A local congressman has filed a bill that seeks to create an Artificial Intelligence Development Authority, a superbody that will lead the development and implementation of a national AI strategy.
“The Philippine government should consult stakeholders in an organized and strategic manner to achieve concrete results in the shortest possible time, given the pace of how this technology evolves,” AAP said.
For one, the government should do something about the weak digital infrastructure, which prevents the country from fully harnessing the potentials of AI, it added.
The Philippines ranked 54th out of 181 countries in the 2022 Government AI Readiness Index by Oxford Insights, getting a score 55.42 out of 100.
The Southeast Asian nation, which placed ninth among its 17 peers in East Asia, scored 65.9 in terms of the vision, governance, digital capacity and adaptability of the government. It scored 36.33 in terms of the technology sector’s maturity, innovation capacity and human capital and 64.9 in terms of data and infrastructure.
“AI is here to stay, and we can only expect it to evolve quickly,” AAP said. “This will change the future jobs.”
It said the Philippines’ educational system should adapt to “prepare the Philippines’ future workforce accordingly.”
OpenAI’s ChatGPT, launched in November, became an instant hit among students because it can write essays and do other school tasks.
AI AND SCHOOLS
The rise of ChatGPT and similar AI tools has come with social costs. In the Philippines, some students at its premiere state university were investigated earlier this year after they were accused of using AI to cheat their way out of college.
Still, some educators think ChatGPT is more than just a dream machine for cheaters and could actually help make education better.
Crafting AI policies in education should help “ensure inclusive and equitable quality education and promote lifelong learning opportunities for all,” according to the United Nations Educational, Scientific and Cultural Organization.
AII called for the incorporation of AI tools in Philippine learning curricula, adding that teachers should be trained in AI education as early as possible — “learning from the mistakes during the pandemic when we were not prepared to use digital platforms on time to meet the demands for effective learning.”
There are a handful of academic institutions in the Philippines that offer AI courses, including the University of the Philippines, which approved in July the country’s first doctoral program in AI.
“Everyone will be affected by AI, directly or indirectly,” AAP said. “There will be some industries that will be disrupted sooner than others, and not necessarily just the ones that have highly routinary and repetitive tasks.”

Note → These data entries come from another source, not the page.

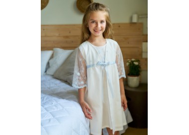 Bata de Comunión Rapife confeccionada en un elegante tejido de voilè 100% algodón con detalles en el delantero y mangas de tul bordado azul floral. Nuestra bata de Comunión tiene el cierre en la parte delantera mediante lazada con cintería y mangas francesas realizadas en el mismo tul azul floral Composición: Forro interior 100% Algodón | Tejido de tul 100% poliéster | Made in Spain.
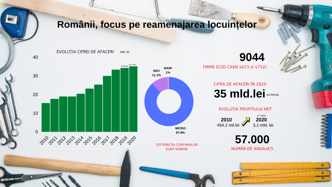 Potrivit datelor Frames,   afacerile companiilor care activează în comerțul cu ridicata și amănuntul al materialelor pentru construcții, echipamentelor sanitare și de încălzire (COD CAEN 4673 și 4752) ar putea atinge, în 2020, nivelul de 35 de miliarde de lei, cu peste 20 de miliarde de lei mai mult decât în 2010.
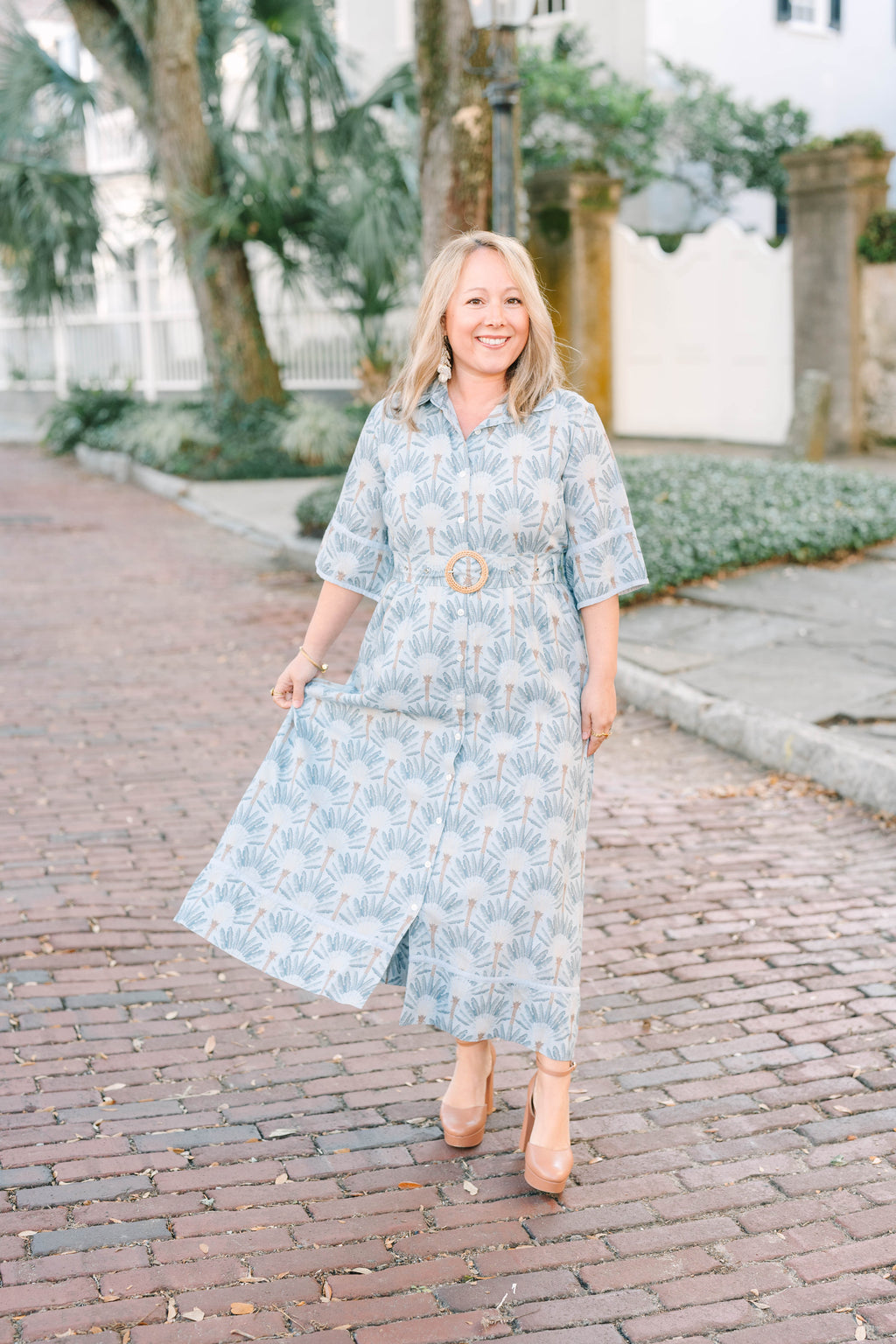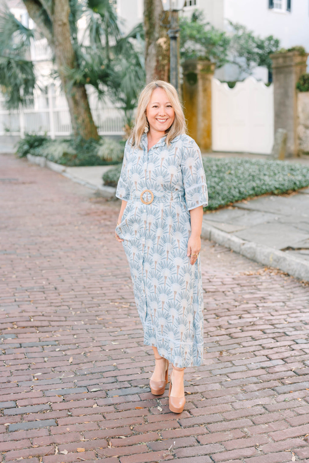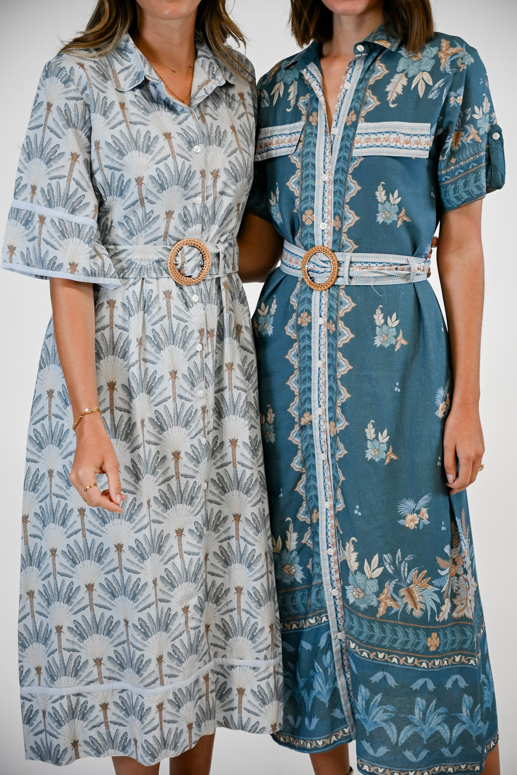 Effortlessly refined and beautifully detailed, the Flora Dress blends classic tailoring with feminine ease. Designed with a collared neckline and front button placket, this silhouette flatters with an A-line skirt and graceful elbow-length bell sleeves. Thoughtful touches—contrast piping and side pockets—add both charm and functionality. Finished with a coordinating belt, the Flora offers timeless versatility for any occasion.

Even the creative industry could lose to AI as machines get the advantage in acquiring more related datasets at a much faster pace.
The group said it’s time for Filipino workers to develop new skills that will meet the demands of an AI-powered future.
“Digital skills will be a minimum and mandatory requirement, or else we will constantly fear to be replaced,” it said. “But we should not just aspire to be users of AI. We should be creators of our own AI and innovate for our own future.”